WF: Do you have an anecdote about something that you used to think was important but turned out not to matter too much?

 

CF: Being good at anything takes time. Right out of school young cooks generally don’t know how to navigate a kitchen. Being comfortable in a restaurant or bakery takes a very long time.

 

I think for most trades going to school doesn’t seem all that important because it’s all about practice and repetitions. One does not come out of school being “proficient.” You need years before you are considered experienced. Cooking is about practicing.

 

WF: It’s the same with your background in dance, right?

 

CF: Right, you are going to do the same thing over and over again, constant repetition until you know it backward and forwards.

 

WF: Despite all this practice you’ve said that you didn't set out to become an industry icon, but that “All I[‘ve] ever dreamt of was the next dessert.” What’s the next dessert?

 

CF: I don’t know yet!
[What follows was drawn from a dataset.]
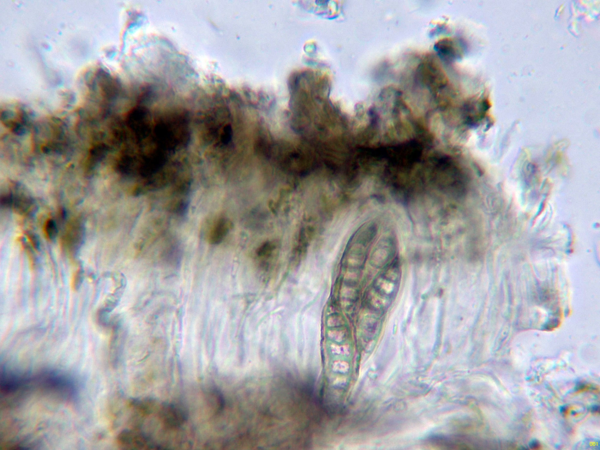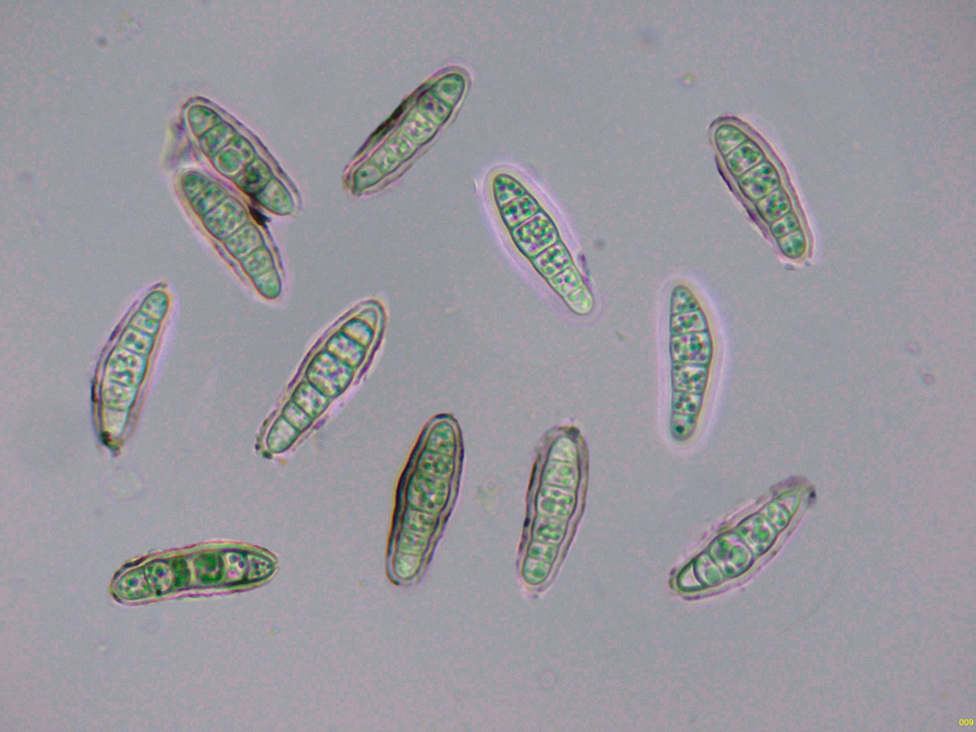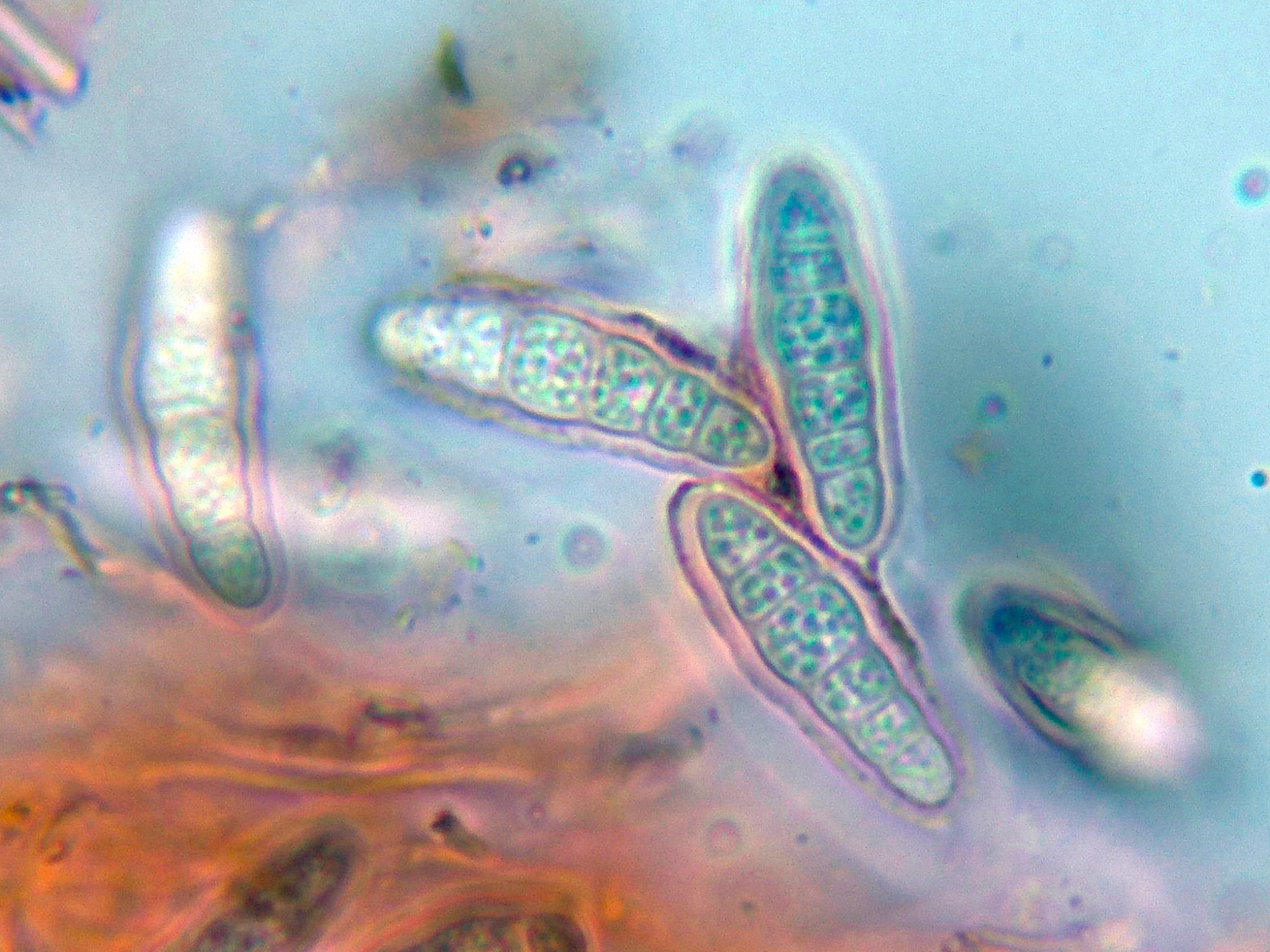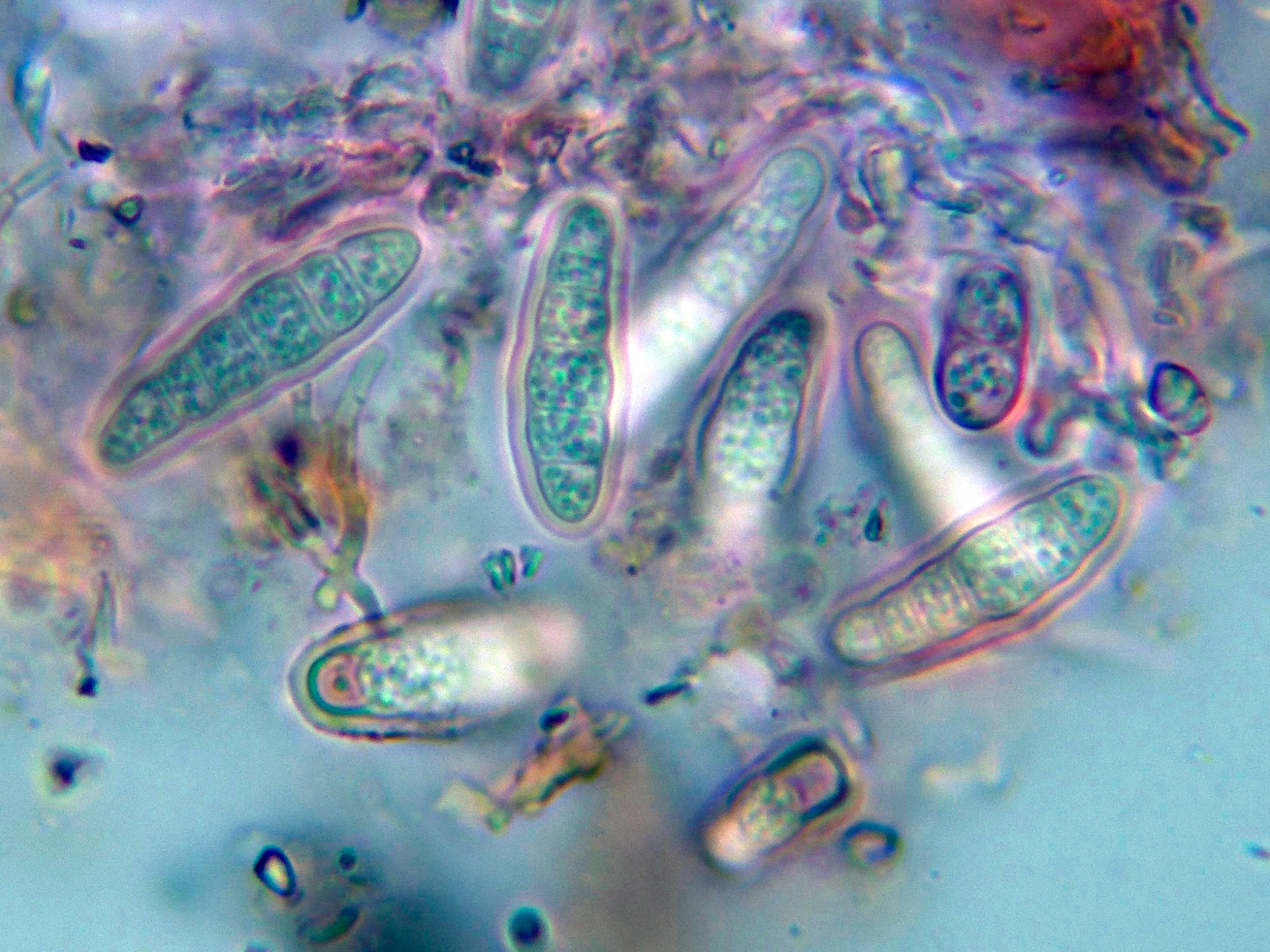 Ascosporas fusiformes, mayoritariamente con 5 septos (según bibliografía de 4 a 6) con constreñimiento en los mismos, y con una vaina mucilaginosa muy regular en toda su superficie, con unas medidas de las esporas libres sin contar esta vaina de:

But I will tell you that they are getting simpler and simpler and who knows, maybe the next dessert is savory food. I’m starting to want to cook more and make desserts less.

 

WF: Is the North Fork food truck your outlet for that?

 

CF: I find great pleasure in the food truck, but honestly, I’ve [also] been thinking a bit about the old-fashioned dessert cart as an interactive experience. I come up with these ideas that are stupidly labor-intensive, but I can’t help it! Serving stuff up from a cart sounds fun. Ha! Maybe I’ll actually have to consider this more now that I've said it out loud.